Segment Start: Working data
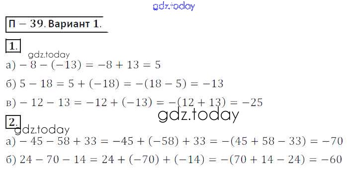 Ответы к ПР-39 Решение. Проверочные работы 1 Дидактическим материалам по Математике для 6 класса Кузнецова, Минаева Просвещение 2017
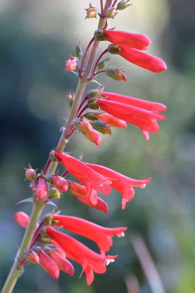 Firecracker penstemon and scarlet bugler are two red penstemon species that look very similar to one another. Firecracker penstemon grows from the Rocky Mountains to California, but only in the California deserts. Scarlet bugler grows all across the southern California coast and coastal ranges. These two penstemons are excellent attractors for hummingbirds.
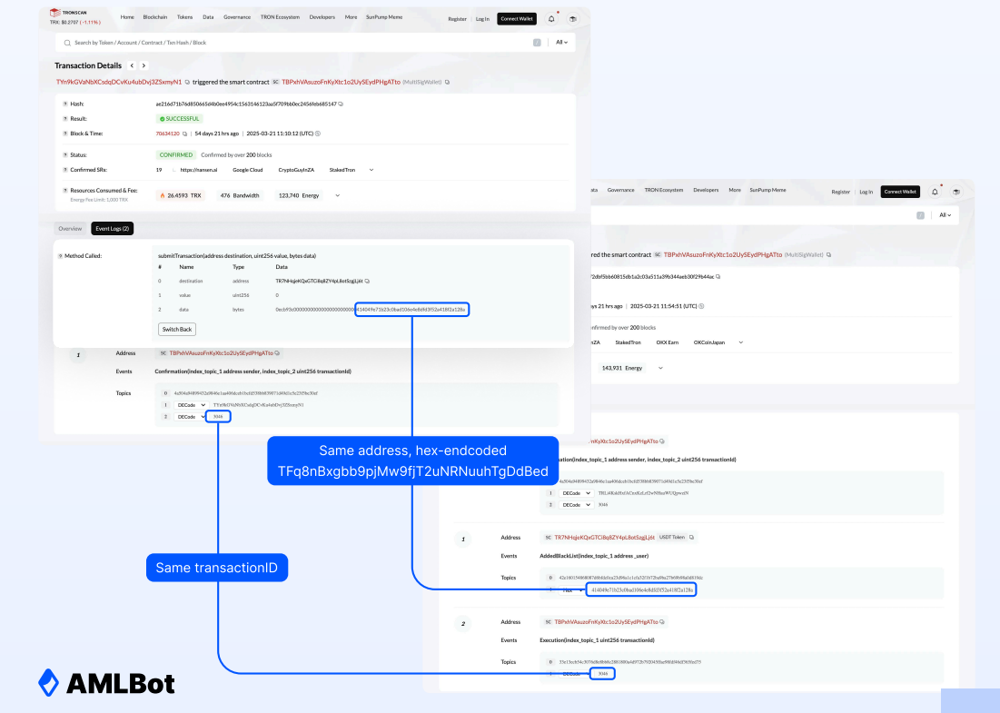 Процедура чорного списку Tether-це багатоетапний процес з першою транзакцією, що ефективно попереджає про майбутній чорний список. По-перше, мультигресивна транзакція адміністратора Tether подає очікуваний дзвінок до “AddblackList” на договорі USDT-TRC20.
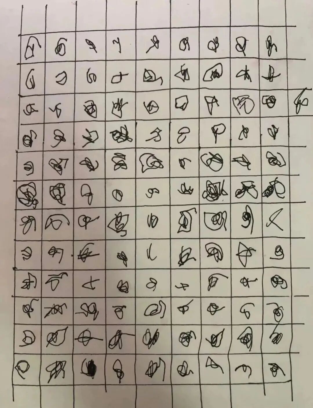 15.请问,这是字吗?这个小朋友最厉害的在于,这么多行字没有一个是重复的!!!
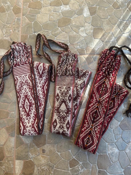 Handgefertigte zeremonielle Gürtel aus Schafwolle. Die Symbole sind unter anderem die heiligen drei Lagunen und das Auge des Puma.
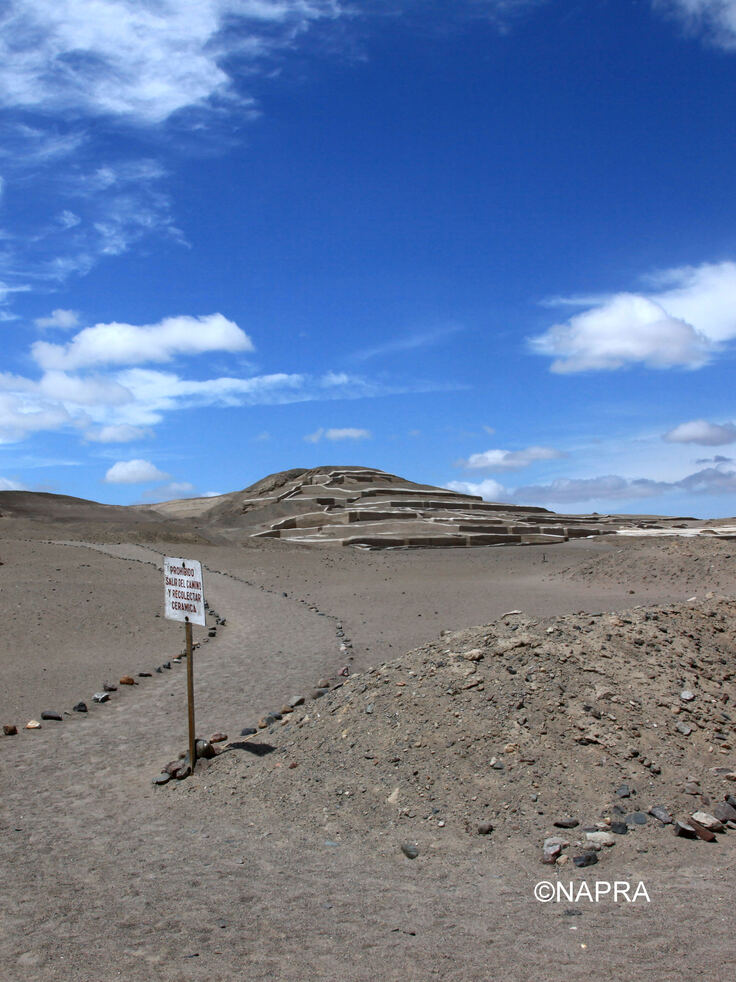 もともとの丘の上に日干しレンガで造られた、神殿のような大規模な建物の跡がいくつかあります。一番高い所からは、ナスカ台地を一望にできます。ナスカ文化、地上絵を研究する上でとても重要な遺跡です。
Segment End: Working data
### [Work to complete]
For this exercise, output the records exactly but omit their pictures.

### [Output of the exercise]
 Ответы к ПР-39 Решение. Проверочные работы 1 Дидактическим материалам по Математике для 6 класса Кузнецова, Минаева Просвещение 2017
 Firecracker penstemon and scarlet bugler are two red penstemon species that look very similar to one another. Firecracker penstemon grows from the Rocky Mountains to California, but only in the California deserts. Scarlet bugler grows all across the southern California coast and coastal ranges. These two penstemons are excellent attractors for hummingbirds.
 Процедура чорного списку Tether-це багатоетапний процес з першою транзакцією, що ефективно попереджає про майбутній чорний список. По-перше, мультигресивна транзакція адміністратора Tether подає очікуваний дзвінок до “AddblackList” на договорі USDT-TRC20.
 15.请问,这是字吗?这个小朋友最厉害的在于,这么多行字没有一个是重复的!!!
 Handgefertigte zeremonielle Gürtel aus Schafwolle. Die Symbole sind unter anderem die heiligen drei Lagunen und das Auge des Puma.
 もともとの丘の上に日干しレンガで造られた、神殿のような大規模な建物の跡がいくつかあります。一番高い所からは、ナスカ台地を一望にできます。ナスカ文化、地上絵を研究する上でとても重要な遺跡です。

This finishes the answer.